I can tell he’s in a lot of pain. I’ve never really understood compassion or giving comfort. I went years and years without being touched, feeling nothing, and then when I finally did, I was too old and all of my emotions left me confused. However I step forward and start rubbing Alex’s back, tracing my fingers up and down his spine. Laylen tries to ignore the fact as much as possible, but I catch him noting it. Alex tenses momentarily, but then his muscles unravel as he embraces and melts into my affection.

“It might have something do to with the fact that Nicholas was playing us.” I sketch a line up and down his spine. “He never even intended to help me get to The Underworld—he’s not even supposed to be there, which means he’s pretty much been lying and will probably continue to lie about everything. He could have been working with the Death Walkers this entire time.”

Alex elevates his head. “What?”

I sigh and the three of us sit in the grass as I begin explaining what has been going on for the last week while he was trapped in the City of Crystal. I tell him about the visions, how I saw us freeing my mom. I tell him about my nightmares and the triangular symbol. He doesn’t know what it is, either, but he doesn’t seem too surprised by the fact that his father’s scar is actually from a mark that’s been cut off. He says he didn’t know, but that he’s sort of glad, at least that way he has something to justify what his father’s doing—going to do.
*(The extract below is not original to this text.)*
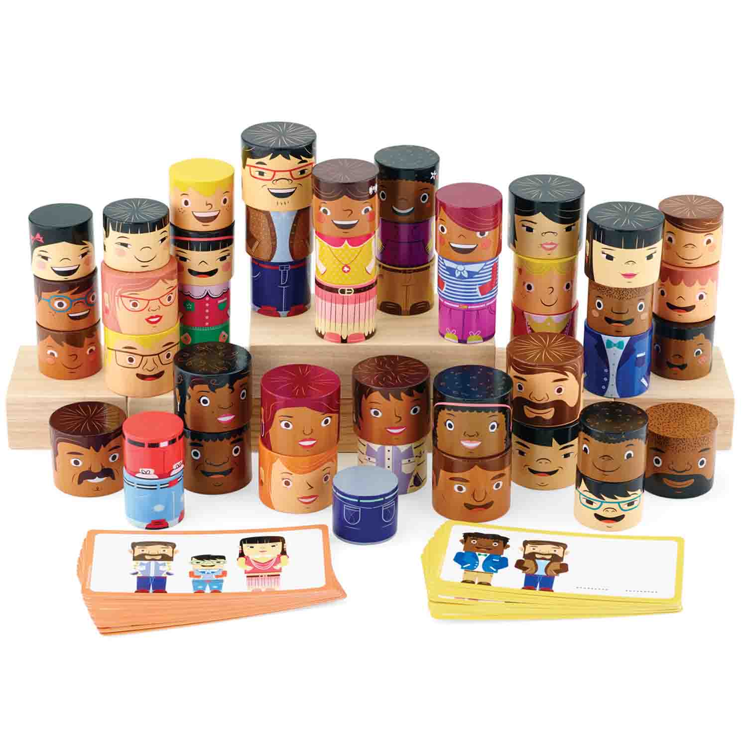 Create your own combination of family and friends with MyFamilyBuildersâ„¢ wood-crafted magnetic block sets. Celebrate diversity with figures that show a variety of skin tones and facial features. Just choose a head, body, and legs - the magnets hold the pieces together securely! A great multicultural family block set!

There are a few times where I swear he looks like he’s tearing up, but he shuts it off quickly, a true pro at hiding his emotions. As I watch him battle them, I start to notice just how similar we are. We both fight our emotions and act as if we don’t understand them. While I understand my reason, I can’t help thinking about what could have caused him to want to turn his own emotions off.

As soon as I get done telling him about what happened in The Underworld, Alex takes us straight to the hideout. It’s like he can remember it as if we’ve been playing in it only yesterday. When we climb up to the flourishing violet bush on the hill, we climb down the ladder and step into the dark. Memories instantly flood me and I realize that we spent a lot of time down here together.

Alex disappears into the darkness and seconds later I hear a match strike. He blows the dust off a candle and lights the wick. The glow orbs around the room and he places the candle down on top of a table, and then heads over to the trunk in the corner.

“It’s still in the same spot?” I ask, peering over his shoulder.

He lifts the lid up and begins rummaging through it. “That was the last time I ever came down here. You went to live with Marco and Sophia and I just didn’t see the point anymore.” He avoids eye contact with me as he searches for the gem.